SIGNIFICANCE AND USE
5.1 Where sulfates are suspected, subgrade soils should be tested as an integral part of a geotechnical evaluation because the possibility that sulfate induced heave may occur if calcium containing stabilizers are used to improve the soils and sulfate reactions may also cause deterioration in concrete structures. When planning to treat a soil used in construction with lime, testing the soil for water soluble sulfates prior to treatment becomes very important (Note 2).  
5.2 When sulfate containing cohesive soils are treated with calcium-based stabilizers for foundation improvements, sulfates and free alumina in natural soils react with calcium and free hydroxide to form crystalline minerals, such as ettringite and thaumasite.4 Thaumasite forms when ettringite undergoes changes in the presence of carbonates at low temperatures.5 The sulfate minerals expand considerably when they are hydrated.
Note 2: For more information on the effect of treating soils containing water soluble sulfates, refer to the following publication: Little, D.N., Stabilization of Pavement Subgrades and Base Course with Lime, Kendal/Hunt Publishing Co., Dubuque, IA, 1995.

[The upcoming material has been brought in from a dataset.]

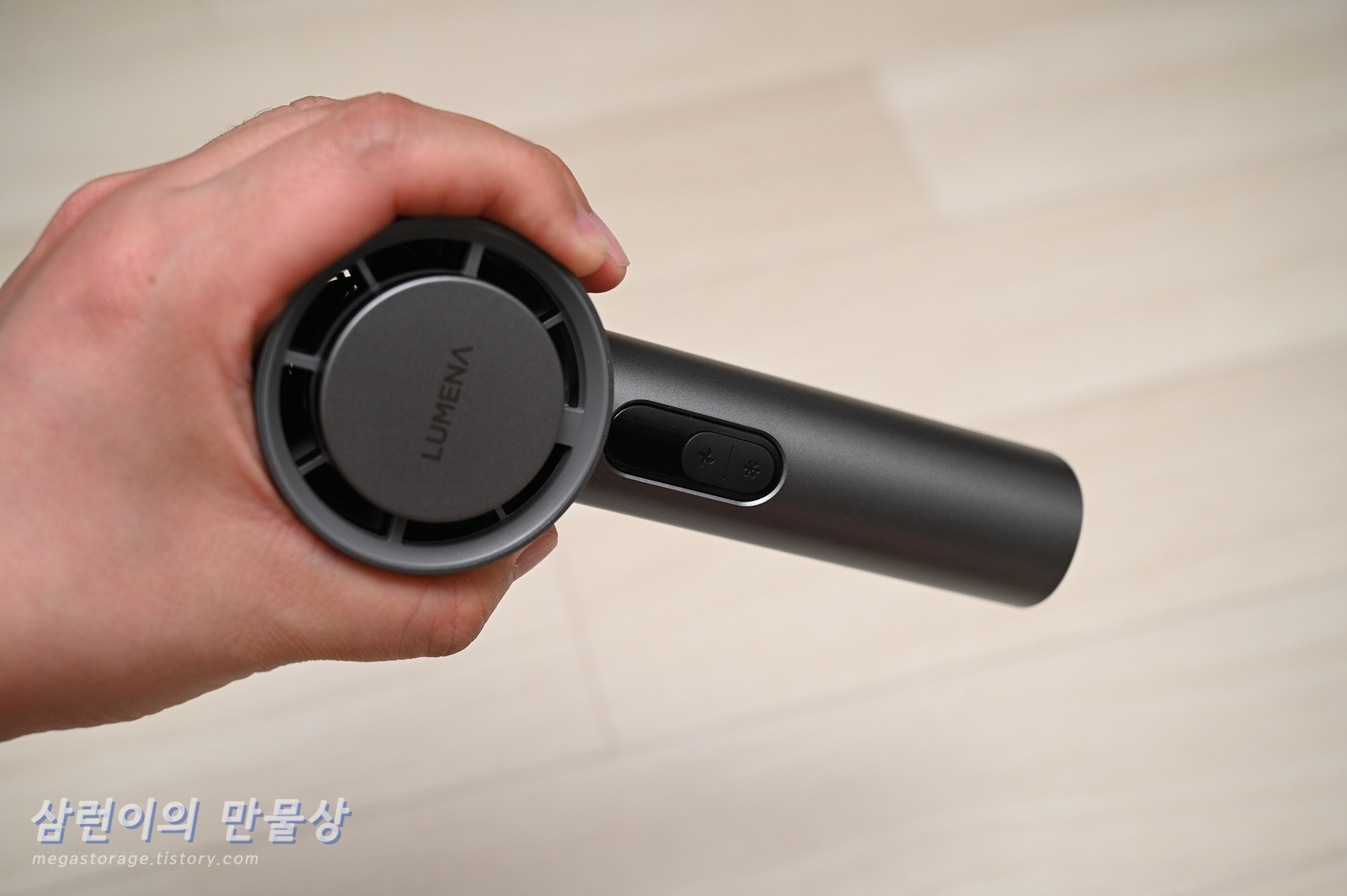 다른 휴대용 핸디 선풍기보다 조금 무겁긴 하지만, 무게 중심과 손가락으로 휘어잡는 느낌이 편안해서 무겁다고 생각되진 않았습니다. 실제로 출퇴근 길에 선풍기를 켠 후 손으로 들고다니는데 괜찮았습니다.

Note 3: The quality of the result produced by this standard is dependent on the competence of the personnel performing it, and the suitability of the equipment and facilities used. Agencies that meet the criteria of Practice D3740 are generally considered capable of competent and objective testing/sampling/inspection/etc. Users of this standard are cautioned that compliance with Practice D3740 does not in itself assure reliable results. Reliable results depend on many factors; Practice D3740 provides a means of evaluating some of those factors.
SCOPE
1.1 These methods determine the water soluble sulfate content of cohesive soils used in construction by using the colorimetric technique. Two methods are presented in this standard. Method A is for use in the field and Method B is for use in the laboratory. The colorimetric technique involves measuring the scattering of a light beam through a solution that contains suspended particulate matter. Measurements of sulfate concentrations in construction soils can be used to guide professionals in the selection of appropriate stabilization methods and to assist in assessment of potential deterioration in concrete structures.
Note 1: These test methods are partially based on the research conducted by Texas A & M University.  

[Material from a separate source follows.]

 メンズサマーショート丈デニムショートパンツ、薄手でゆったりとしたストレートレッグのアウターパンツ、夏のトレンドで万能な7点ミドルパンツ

1.2 The field method, Method A, is used as a screening test for the presence of sulfates and their concentration. The laboratory method, Method B, provides better resolution than the field method.  

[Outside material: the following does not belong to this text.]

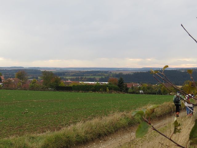 Skupinku osmi turistů, ve které jsme byli i my, převezli pořadatelé autem do Lukavce, odkud jsme se vydali po zeleně značené Sovově naučné stezce do Pacova.
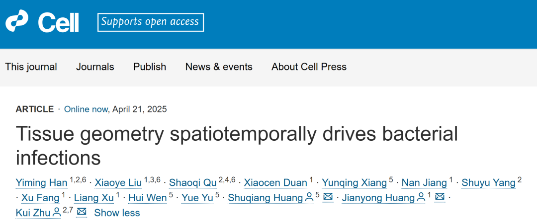 4月21日,中国科研实验室深圳先进技术研究院定量合成生物学全国重点实验室研究员黄术强团队与中国农业大学教授朱奎团队、北京大学研究员黄建永团队合作,在国际学术期刊《细胞》发表最新研究:团队顺利获得跨学科协同创新,从“器官几何结构特征-细胞力信号转导-病原菌感染”互作机制出发,首次揭示组织形态特征调控细菌感染的新规律。同时团队提出了基于力敏感离子通道蛋白Piezo1的抗菌策略,为抗菌药物提质增效、降低毒副作用和指导合理用药给予了潜在方案,具有重要的临床应用前景。

1.3 Ion chromatography is also an acceptable alternative method that can be used to evaluate results, however, it is outside the scope of this standard.  
1.4 Units—The values stated in SI units are to be regarded as standard. No other units of measurement are included in this standard.  
1.5 All observed and calculated values shall conform to the guidelines for significant digits and rounding established in Practice D6026, unless superseded by this test method.  
1.5.1 The procedures used to specify how data are collected/recorded and calculated in the standard are regarded as the industry standard. In addition, they are representative of the significant digits that generally should be retained. The procedures used do not consider material variation, purpose for obtaining the data, special purpose studies, or any considerations for the user’s objectives; and it is common practice to increase or reduce significant digits of reported data to be commensurate with these considerations. It is beyond the scope of these test methods to consider significant digits used in analysis methods for engineering data.  
1.6 This standard does not purport to address all of the safety concerns, if any, associated with its use. It is the responsibility of the user of this standard to establish appropri...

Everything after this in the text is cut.